From the band, she went back into modelling, this time for American Apparel. While it allowed her to find her footing in L.A., the stint didn't last long. She found a very well-paying job as a stripper. She started out at the club — The Brass Rail in Toronto — as a waitress, and was soon promoted to the pole, where she learned how to harness her power and, crucially, manipulate men. "You're not allowed to cross certain boundaries, and I think that was so important for me. I learnt a lot of boundaries being a stripper, and that stuff was taken away from me as a kid."

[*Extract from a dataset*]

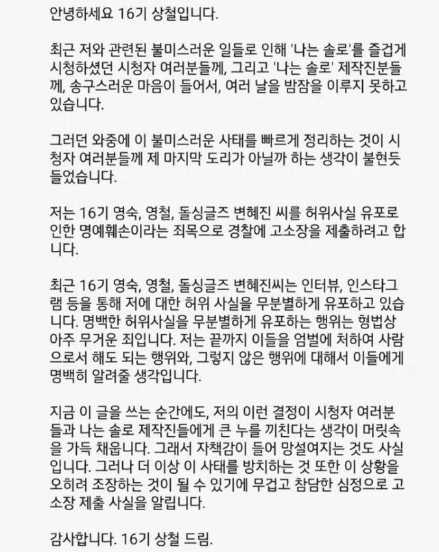 (엑스포츠뉴스 이예진 기자) 파국의 기수라고 불리던 16기 출연자 상철은 오늘(24일) 고소장을 제출하며 본격적인 법적 다툼을 이어간다.

At the end of 2017, Dentata came out of an "extremely abusive relationship" and has been "mostly celibate" since then. She moved back to L.A., began performing as the Dana Dentata we know her as today, and by her third or fourth show, girls began calling her "daddy." "I started to think about why," she says, "and I felt it's because I present my sexuality and my power in a very masculine way, so it's resonating as masculine energy, which I love."
She's since fully embraced her "daddy" persona, reclaiming it as a non-toxic archetype "in the way that, you know, some crayons are non-toxic." Now, you'll often find daddy Dentata with a "demon" — a rotation of men she impounds in prosthetics — who are made to endure a cosmetic discomfort similar to the ones imposed on her as a model. Objectifying men is both one of Dentata's joys, as well as a flaw. "I'm, like, extremely straight," she says. "I sort of wish I could be hypnotized out of it." Her heterosexuality is so hardcore, in fact, that the thought of having sex with women actively repulses her. "I think women are beautiful as pieces of art, but once I had to make out with a girl in a movie and they had to cut it from the movie because I couldn't do it. The whole time I was like, Eurgh! Eurgh!"
Men, for Dentata, are there to be curbed towards her will. Her signing to Roadrunner — which for the past 30 years has been "a stagnant bro-fest," she says — was deliberate. She's working to create a giant shift structurally, as well as intimately. That begins with ensuring her own safety first. "It's been really hard for me to go into the studio," she says, "because when I go to these sessions, everything I wanna sing about and talk about is my trauma. So it's kinda hard to go and sit with some dumbass 22-year-old boy who's like, 'Yaaaaahh,' and I'm wanting to talk about some profound levels of pain and misogyny." Dentata's yet to feel safe in the studio, "which is why my music and lyrics are the way they are because I'm trolling the producer."
Still, this is the closest to safety Dentata's ever been. This is the first time Dentata's able to create outside of survival mode, when every moment feels like clinging onto life with bloody claws. Dentata's found comfort, she's embracing stillness, and because of that, she's about to make the greatest art of her life. "I'm working on an album right now," she confirms. "I am so many things, and I wanna have all of those elements on this album. I wanna sing, I wanna scream, I wanna whisper. I wanna do everything."